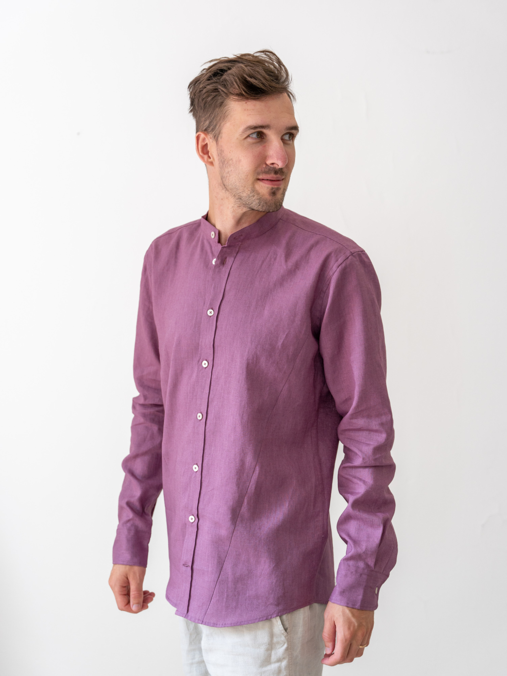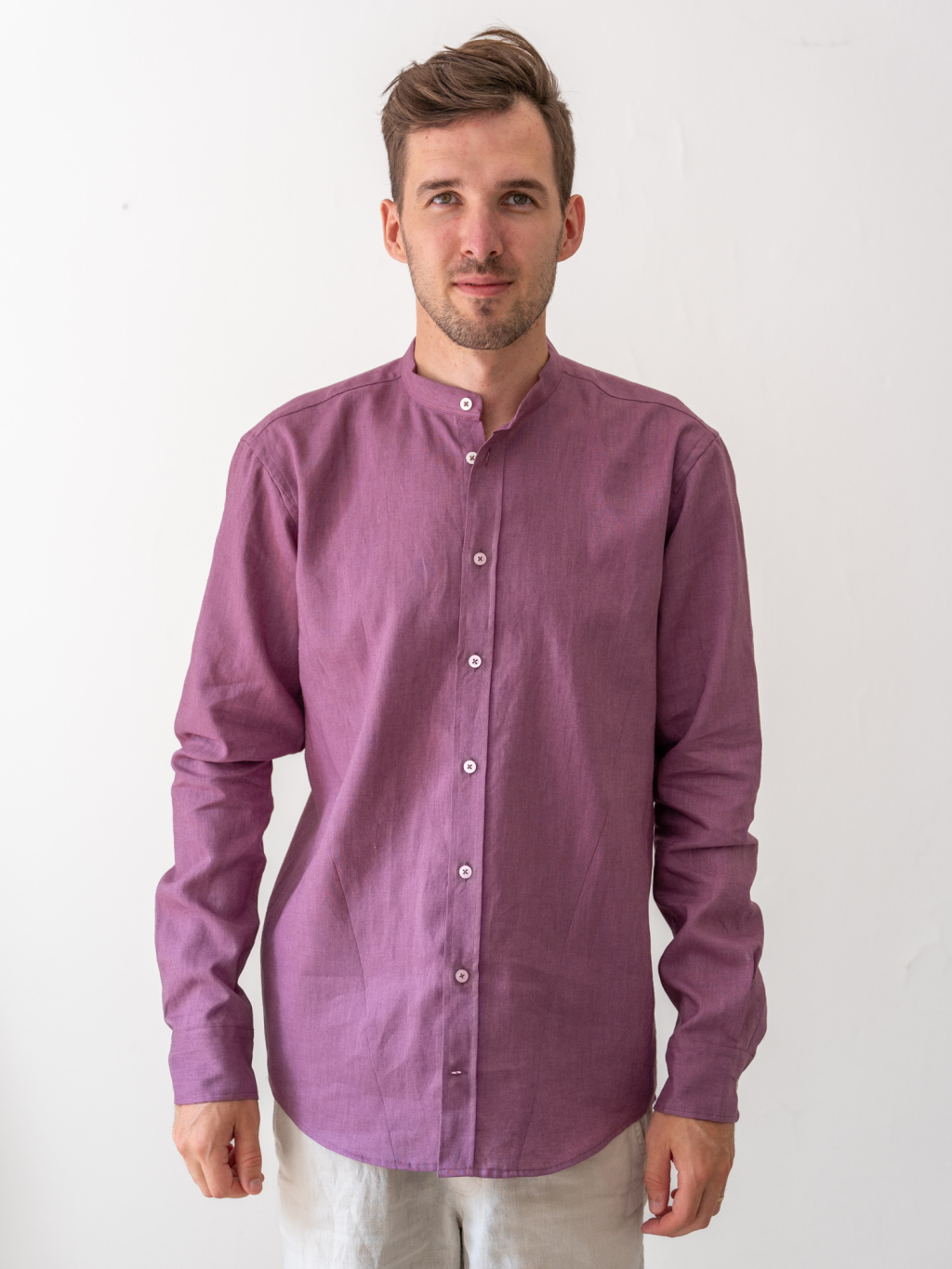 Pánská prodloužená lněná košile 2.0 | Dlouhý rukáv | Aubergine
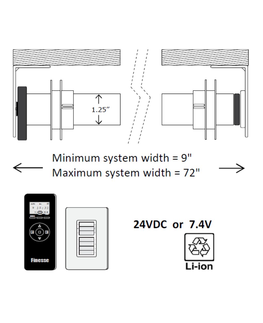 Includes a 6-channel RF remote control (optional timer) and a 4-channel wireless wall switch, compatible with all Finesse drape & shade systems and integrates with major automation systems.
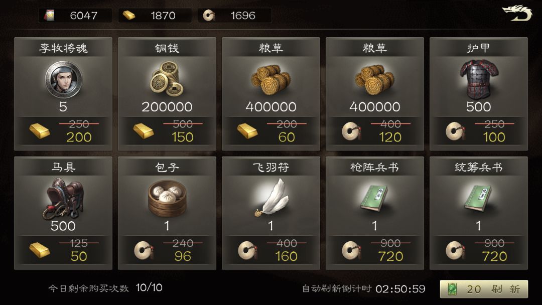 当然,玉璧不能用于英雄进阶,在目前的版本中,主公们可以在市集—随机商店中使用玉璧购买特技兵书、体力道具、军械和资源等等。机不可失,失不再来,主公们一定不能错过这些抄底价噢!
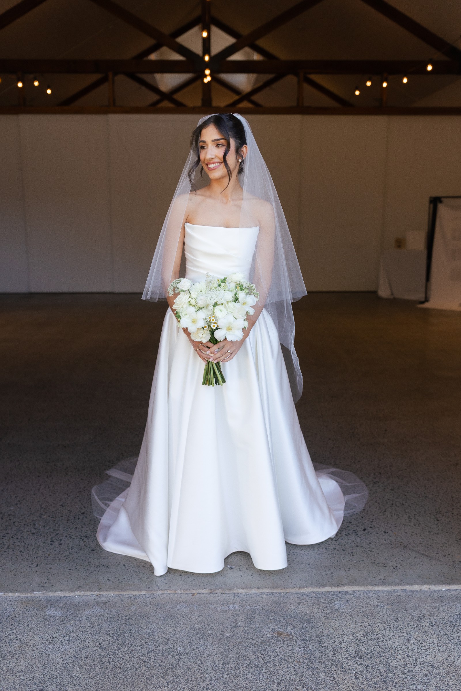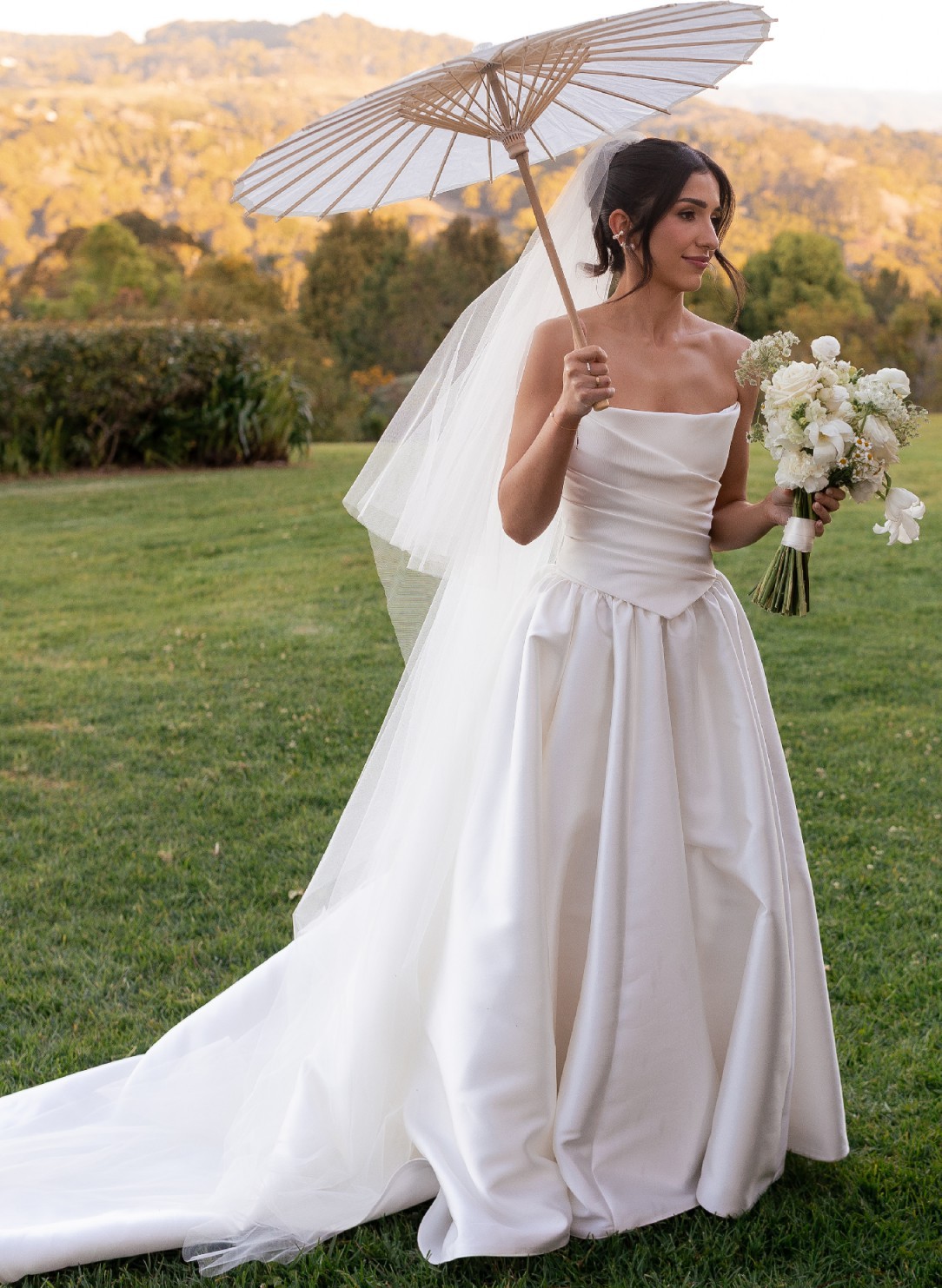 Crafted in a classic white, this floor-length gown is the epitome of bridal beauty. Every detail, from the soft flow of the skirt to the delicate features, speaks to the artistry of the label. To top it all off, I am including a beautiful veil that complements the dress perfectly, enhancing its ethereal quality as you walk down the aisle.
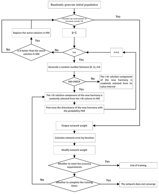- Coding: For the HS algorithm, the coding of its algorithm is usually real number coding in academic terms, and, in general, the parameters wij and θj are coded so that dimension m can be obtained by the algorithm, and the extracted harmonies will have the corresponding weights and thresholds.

Task to carry out
Quote all of the entries word for word, omitting any pictures.

Finished task
 Pánská prodloužená lněná košile 2.0 | Dlouhý rukáv | Aubergine
 Includes a 6-channel RF remote control (optional timer) and a 4-channel wireless wall switch, compatible with all Finesse drape & shade systems and integrates with major automation systems.
 当然,玉璧不能用于英雄进阶,在目前的版本中,主公们可以在市集—随机商店中使用玉璧购买特技兵书、体力道具、军械和资源等等。机不可失,失不再来,主公们一定不能错过这些抄底价噢!
 Crafted in a classic white, this floor-length gown is the epitome of bridal beauty. Every detail, from the soft flow of the skirt to the delicate features, speaks to the artistry of the label. To top it all off, I am including a beautiful veil that complements the dress perfectly, enhancing its ethereal quality as you walk down the aisle.
- Coding: For the HS algorithm, the coding of its algorithm is usually real number coding in academic terms, and, in general, the parameters wij and θj are coded so that dimension m can be obtained by the algorithm, and the extracted harmonies will have the corresponding weights and thresholds.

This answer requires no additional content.